Input records:

↓

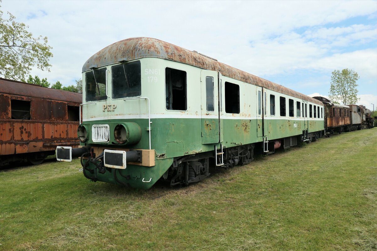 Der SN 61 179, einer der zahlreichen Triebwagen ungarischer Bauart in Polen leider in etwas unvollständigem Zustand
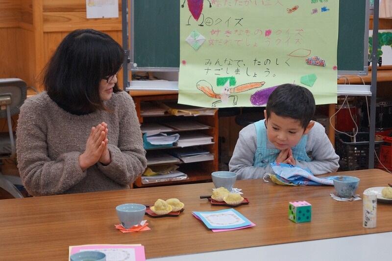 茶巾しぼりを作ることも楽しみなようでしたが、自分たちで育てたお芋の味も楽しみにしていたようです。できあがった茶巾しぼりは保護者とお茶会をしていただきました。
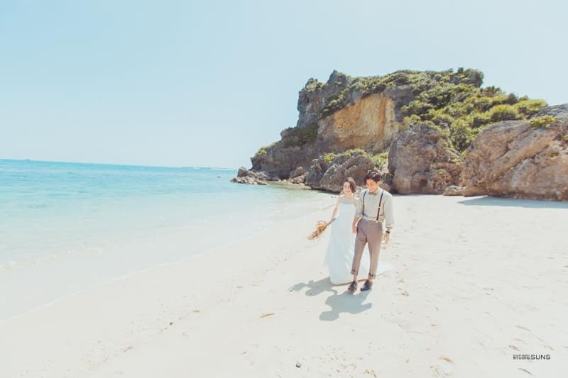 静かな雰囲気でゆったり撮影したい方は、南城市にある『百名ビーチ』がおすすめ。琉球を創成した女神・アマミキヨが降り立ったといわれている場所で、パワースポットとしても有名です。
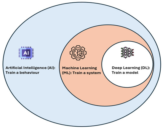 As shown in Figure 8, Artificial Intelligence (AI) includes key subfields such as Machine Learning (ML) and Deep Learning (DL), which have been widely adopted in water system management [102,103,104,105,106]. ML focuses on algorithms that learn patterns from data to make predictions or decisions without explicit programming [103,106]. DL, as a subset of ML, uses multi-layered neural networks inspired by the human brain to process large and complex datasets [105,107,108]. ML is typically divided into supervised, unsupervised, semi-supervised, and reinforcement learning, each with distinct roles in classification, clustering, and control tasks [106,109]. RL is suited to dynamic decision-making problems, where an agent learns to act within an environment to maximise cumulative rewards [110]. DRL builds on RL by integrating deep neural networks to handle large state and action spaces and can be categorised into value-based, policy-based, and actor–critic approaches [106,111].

↑
↓

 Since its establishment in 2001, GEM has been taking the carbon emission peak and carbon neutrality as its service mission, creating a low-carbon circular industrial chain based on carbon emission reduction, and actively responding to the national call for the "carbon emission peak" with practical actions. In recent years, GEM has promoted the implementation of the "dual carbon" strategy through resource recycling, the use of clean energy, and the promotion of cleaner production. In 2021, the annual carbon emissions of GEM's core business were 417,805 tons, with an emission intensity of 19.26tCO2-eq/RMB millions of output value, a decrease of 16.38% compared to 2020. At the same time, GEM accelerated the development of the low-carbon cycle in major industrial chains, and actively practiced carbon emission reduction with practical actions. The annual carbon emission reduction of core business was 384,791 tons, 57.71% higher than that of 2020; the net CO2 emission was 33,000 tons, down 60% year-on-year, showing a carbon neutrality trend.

↑
↓

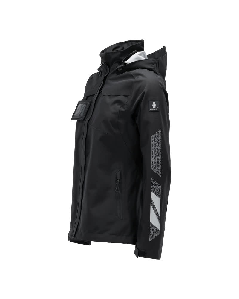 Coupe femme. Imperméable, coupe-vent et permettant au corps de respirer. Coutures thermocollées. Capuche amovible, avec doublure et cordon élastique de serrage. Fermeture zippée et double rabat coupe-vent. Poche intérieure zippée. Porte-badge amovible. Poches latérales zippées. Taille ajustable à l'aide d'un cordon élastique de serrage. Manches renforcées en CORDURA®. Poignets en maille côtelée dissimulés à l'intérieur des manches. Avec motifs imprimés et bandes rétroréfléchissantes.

↑

Action item:
Look above for the line with "静かな雰囲気でゆったり撮影し" and the line with "As shown in", then copy exactly the lines from the first through the second, both kept, with no pictures.

Your solution:
 静かな雰囲気でゆったり撮影したい方は、南城市にある『百名ビーチ』がおすすめ。琉球を創成した女神・アマミキヨが降り立ったといわれている場所で、パワースポットとしても有名です。
 As shown in Figure 8, Artificial Intelligence (AI) includes key subfields such as Machine Learning (ML) and Deep Learning (DL), which have been widely adopted in water system management [102,103,104,105,106]. ML focuses on algorithms that learn patterns from data to make predictions or decisions without explicit programming [103,106]. DL, as a subset of ML, uses multi-layered neural networks inspired by the human brain to process large and complex datasets [105,107,108]. ML is typically divided into supervised, unsupervised, semi-supervised, and reinforcement learning, each with distinct roles in classification, clustering, and control tasks [106,109]. RL is suited to dynamic decision-making problems, where an agent learns to act within an environment to maximise cumulative rewards [110]. DRL builds on RL by integrating deep neural networks to handle large state and action spaces and can be categorised into value-based, policy-based, and actor–critic approaches [106,111].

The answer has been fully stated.